- Standard European cover

Studio album by Corinne Bailey Rae
- Released: 24 February 2006
- Recorded: 2004–2005
- Studios: The Idle; Olympic (London); Taxlight; John Ellis's place;
- Genres: Pop-soul; neo soul; R&B;
- Length: 41:35
- Label: EMI
- Producers: Steve Chrisanthou; Justin Broad; Steve Brown; Steve Bus; Tommy D; Andrew Hale; Paul Herman; RKW;

Corinne Bailey Rae chronology
|  | Corinne Bailey Rae (2006) | Live in London & New York (2007) |

Alternative cover
- North American and Asia cover

Singles from Corinne Bailey Rae
- "Like a Star" Released: 7 November 2005; "Put Your Records On" Released: 20 February 2006; "Trouble Sleeping" Released: 29 May 2006; "I'd Like To" Released: 12 February 2007;

= Corinne Bailey Rae (album) =

2006 studio album by Corinne Bailey Rae

Corinne Bailey Rae is the debut studio album by English singer-songwriter Corinne Bailey Rae, released on 24 February 2006 by EMI. The album debuted at number one on the UK Albums Chart and has been certified triple platinum by the British Phonographic Industry (BPI). Four singles were released from the album: "Like a Star", "Put Your Records On", "Trouble Sleeping" and "I'd Like To". Corinne Bailey Rae has sold over four million copies worldwide.

==Release and promotion==
"Like a Star" was released as the album's lead single in a limited-edition format in 2005, peaking at number 34 on the UK Singles Chart. When re-released in October 2006, "Like a Star" reached a new peak position of number 32 on the UK chart. The second single, "Put Your Records On", peaked at number two in February 2006. "Trouble Sleeping" was released as the album's third single in May 2006, peaking at number 40 in the UK.
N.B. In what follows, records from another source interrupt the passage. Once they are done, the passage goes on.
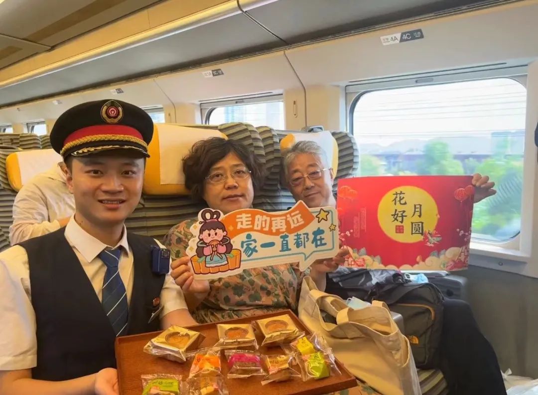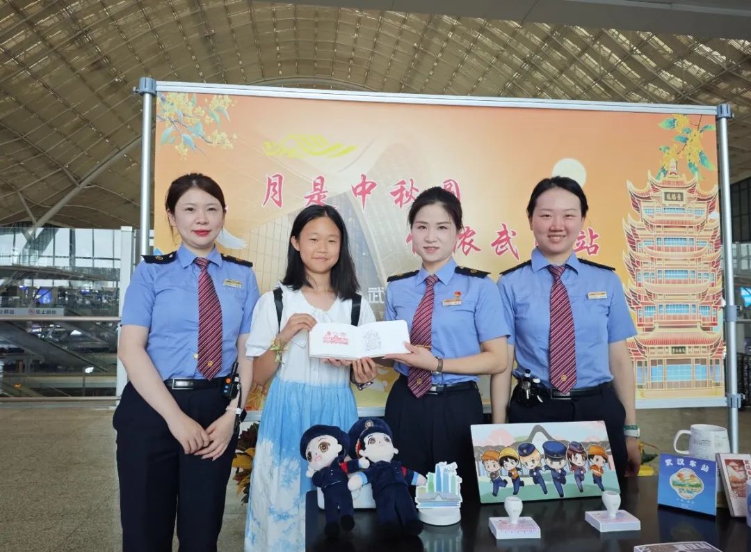 武汉、汉口车站在旅客集中区域打造黄鹤楼、长江大桥、古琴台、武大樱花、东湖绿道等标志性旅游景点水晶造型,在光电映射下分外炫目,展示武汉特色城市文化魅力,吸引旅客纷纷打卡拍照。武汉、襄阳客运段列车员们用月兔、灯笼、团扇等蕴含传统文化的装饰元素布置车厢,准备月饼、心愿书签等精美小礼物,介绍分享中秋节的由来、传统习俗,通过知识问答,诗歌接龙、听歌猜名等形式与旅客进行互动。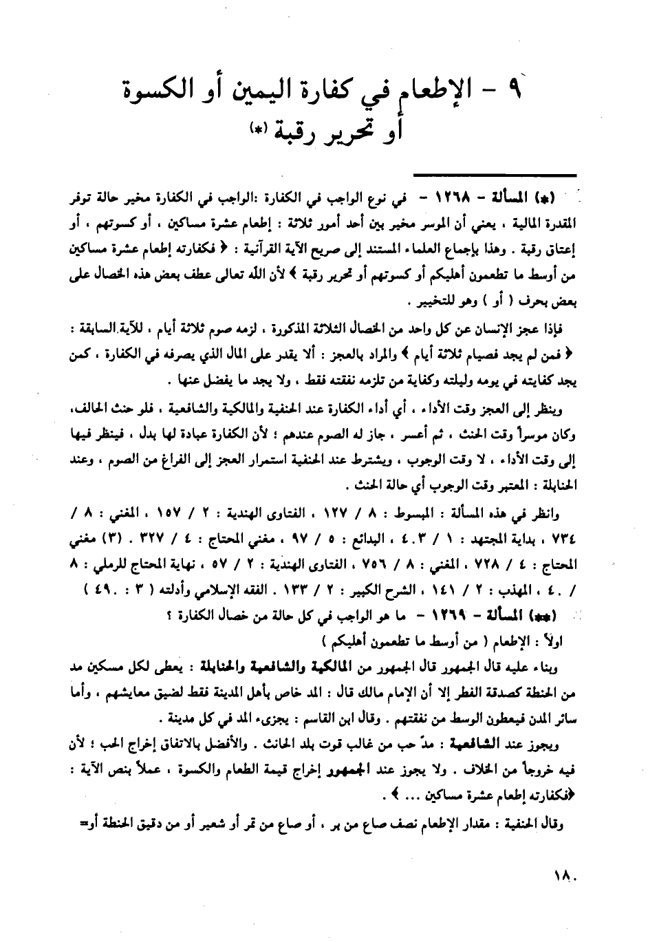 §الْإِطْعَامُ فِي كَفَّارَةِ الْيَمِينِ، أَوِ الْكِسْوَةُ، أَوْ تَحْرِيرُ رَقَبَةٍ -[181]-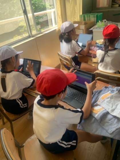 先日、生活科の学習で野菜の植え付けを終えた2年生。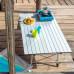 Стільниця має достатні розміри, щоб за столом комфортно розмістилися 6 людей. У складеному вигляді стіл компактно розміщується в чохлі. Алюмінієва поверхня стільниці легко чиститься, і є максимально гігієнічною, оскільки алюміній не формує середовище для розмноження мікробів.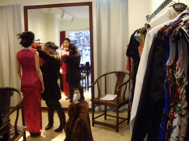 さてさて今日は待ちに待ったデザイナーさんとのご対面の日♪淑明子(シューミンズー)の旗袍を手掛ける黄(ホァン)先生が自らテスター用の旗袍を持参して来てくれました。

"I'd Like To" was released on 12 February 2007 as the fourth and final single. On the same day, the album was re-released with a bonus disc containing some of the B-sides and remixes included on previous singles, as well as three new tracks—one of which, a cover of Björk's 1993 song "Venus as a Boy", only previously appeared on a covermount for Q magazine. Several songs from the album appear in the 2006 comedy-drama film Venus starring Peter O'Toole. In the United States, "Breathless" was released as a promotional single in 2007.

==Critical reception==

Corinne Bailey Rae received generally positive reviews from music critics. At Metacritic, which assigns a normalised rating out of 100 to reviews from mainstream publications, the album received an average score of 69, based on 13 reviews. While some critics perceived filler as a weakness of the album, Bailey Rae earned positive comparisons to female recording artists such as Billie Holiday, Norah Jones, Erykah Badu, Minnie Riperton, and Macy Gray. David Jeffries of AllMusic called it "pleasingly homegrown, warm, and poignant in parts". Los Angeles Times writer Natalie Nichols compared Bailey Rae's music to that of Sade and Stevie Wonder. Michael Endelman of Entertainment Weekly called it "extremely agreeable, a bit predictable, and occasionally irresistible". MusicOMH writer Michael Hubbard called the debut "exceptional in every way" and "a breath of fresh air" Preston Jones of Slant Magazine was more lukewarm, saying "Rae’s amiable competence marks her as a talent worth keeping tabs on, but the strength of Corinne Bailey Rae is fleeting, a triumph of mood over tangible substance."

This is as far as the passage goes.